Том 2. Машины и волки
Шрифт:
Тогда Гаврилов и Попов вдвоем пили чай. Попов с красным чайником, на котором белой эмалью было написано: – «товарищу Попову от рабочих и работниц завода Лысова в день Пятой Годовщины Октября», с этим чайником ходил на кухню к кубу за кипятком. На газете он расставил стаканы, тарелки с маслом и сыром, в кульке был сахар, в другом кульке был хлеб. – Попов спрашивал: «не сварить ли тебе, Николка, манной каши?»
Сидели друг против друга, говорили негромко, медленно, никуда не спешили, чаю выпили много, Гаврилов пил с блюдечка, расстегнул ворот гимнастерки.

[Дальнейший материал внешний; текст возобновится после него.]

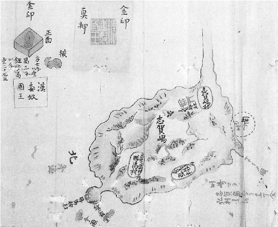 志贺岛上发现金印,引起了福冈著名儒学家龟井南冥的极大兴趣,他一方面呼吁官方保护,同时,根据甚兵卫的描述绘出了“志贺岛叶崎村金印出土图”。此图上方为西,那条“尾巴”是通往省府福冈的长堤;图左为北,注有“外海”,通往朝鲜半岛;图右为南,是博多湾;志贺岛的南北两端绘有两个历史悠久的神社。特别值得注意的是图的左上角,作者盖上了金印“真押”,绘出了俯视图和侧视图,并标注出尺寸和重量。这是志贺岛金印最初的考古记录(图2.4)。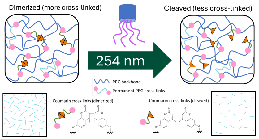 Allie’s paper - Photoswitchable Cross-Linking in Polymer Gels: Effects on Surface Creasing and Network Relaxation during Swelling - was just published in Macromolecules. We use photo-responsive cross-linkers (based in coumarin) to manipulate the dynamics of swelling-induced surface instabilities of polymer gels (i.e., we help 'turn off' surface features more quickly by relieving internal stresses via cross-link density). Congratulations to co-author Surbhi Punhani-Schillinger and undergraduate authors Reed Blocksome and Aditya Ketkar. Check it out!

После мелочей, о том, о сем, за четвертым стаканом чая, не допив половины, Попов отставил стакан, помолчав, сказал:
– Николка, а моя Зина от меня ушла, ребенка бросила мне на руки, ушла к какому-то инженеру, которого раньше любила, шут его знает. Судить ее мне неохота, не хочу мараться плохими словами, – а, все-таки, надо сказать, убежала по-сучьи, не сказав, скрыв. Не хочется так думать, что никогда она меня и не любила, а содержанилась из-за моего положения, –
Луна спешила над городом. В тот час, когда городские улицы пустели, чтобы отдохнуть в ночи, а в деревнях запели первые петухи, когда люди, прожевывая ужин, дневные впечатления и умные сентенции об этом дне, лезли – мужья, жены, любовники, любовницы – в постели, Гаврилов уходил от Попова.

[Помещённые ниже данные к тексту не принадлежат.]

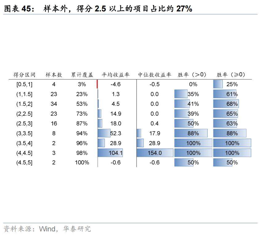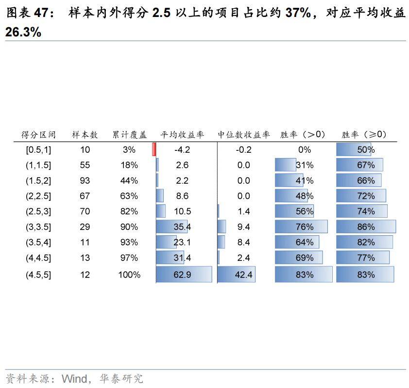 参与得分较高的个股可显著提升打新的赔率及胜率。样本内外结合来看,若不进行筛选,则上市开盘收益为11.8%,破发率约50%(开盘价小于等于发行价)。对比来看,若仅参与得分2.5以上的个股(即参与37%的项目),开盘收益可以提升至26.3%,破发率降低至32%。若打新范围进一步缩窄,仅参与3分以上的项目(参与18%),则开盘收益可以提升至44.2%,破发率降低至23%。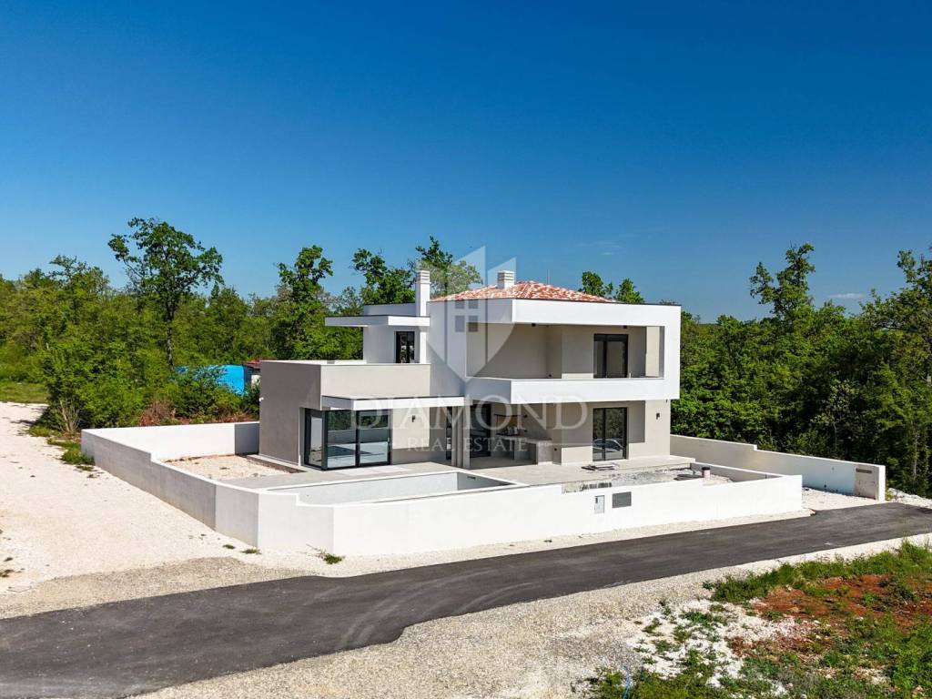 Eastern Istria, Marčana, we are selling a beautiful newly built modern villa with a swimming pool and sea view.

– Ты мне дай почитать чего-нибудь, – только, знаешь, попроще, про хороших людей, про хорошую любовь, о простых отношениях, о простой жизни, о солнце, о людях и простой человеческой радости – такой книги не нашлось у Попова.
– Вот тебе и революционная литература, – сказал, пошутив, Гаврилов. – Ну, ладно, я еще раз почитаю Толстого. Уж очень хорошо у него про старые перчатки на балу. – И Гаврилов потемнел, замолчал, сказал тихо: – Я тебе, Алешка, не говорил, чтобы на пустые разговоры время не тратить. Был я сегодня по начальству, и в больнице, у профессоров. Профессорье умственность разводило. Не хочу резаться, естество против. Завтра мне ложиться под нож. Ты тогда приходи в больницу, не забывай старину. Детишкам моим и жене ничего не пиши. Прощай! – и Гаврилов вышел из комнаты, не пожав руки Попова.
У гостиницы стояла крытая машина. Гаврилов сел, молвил: – «домой, в вагон», – и машина пошла в переулки. На запасных путях луна скользила по рельсам; прибежала собака, визгнула и скрылась в простор черной рельсовой тишины. У ступенек вагона стоял часовой, замер, пока проходил командарм. Вырос в коридоре ординарец, высунул голову проводник, – вспыхнуло в вагоне электричество, – и такая безмолвная, глубокая, провинциальная тишина стала в вагоне. Командарм прошел в купе-спальню, снял сапоги, надел ночные туфли, расстегнул ворот гимнастерки, – позвонил, – «чаю». – Прошел в салон, сел к настольной лампе, проводник принес чаю, но командарм не прикоснулся к нему; командарм долго сидел над книгой «Детство и отрочество», читал, думал над книгой. Тогда командарм сходил в спальню, принес большой блокнот, позвонил, сказал вестовому, – «чернил, пожалуйста» – и медленно стал писать, думая над каждой фразой. Написал одно письмо, перечитал, обдумал, заклеил в конверт. Второе письмо написал, обдумал, заклеил. И третье письмо написал, очень короткое, писал, торопясь, – запечатал не перечитывая. В вагоне немотствовала тишина. Замер у подножки часовой. Замерли в коридоре ординарец и проводник. Замерло, казалось, время. Письма долго лежали перед командармом, в белых пакетах, с надписанными адресами. Тогда командарм взял большой пакет, все три письма запечатал в него и на пакете написал: – «вскрыть после моей смерти». – И буднично поднялся, чтобы пойти спать; снял в спальне гимнастерку, ходил мыться перед сном, раздевался, лег, потушил гнет. – И часа три четверти вагон пребывал во мраке и безмолвии. Это был час третьих петухов. Если бы проводник взглянул тогда в купе командарма, он увидел бы там, неожиданно для себя, в том месте, где должна была быть голова командарма, красный огонек папиросы, – неожиданно для себя потому, что обыкновенно командарм не курил.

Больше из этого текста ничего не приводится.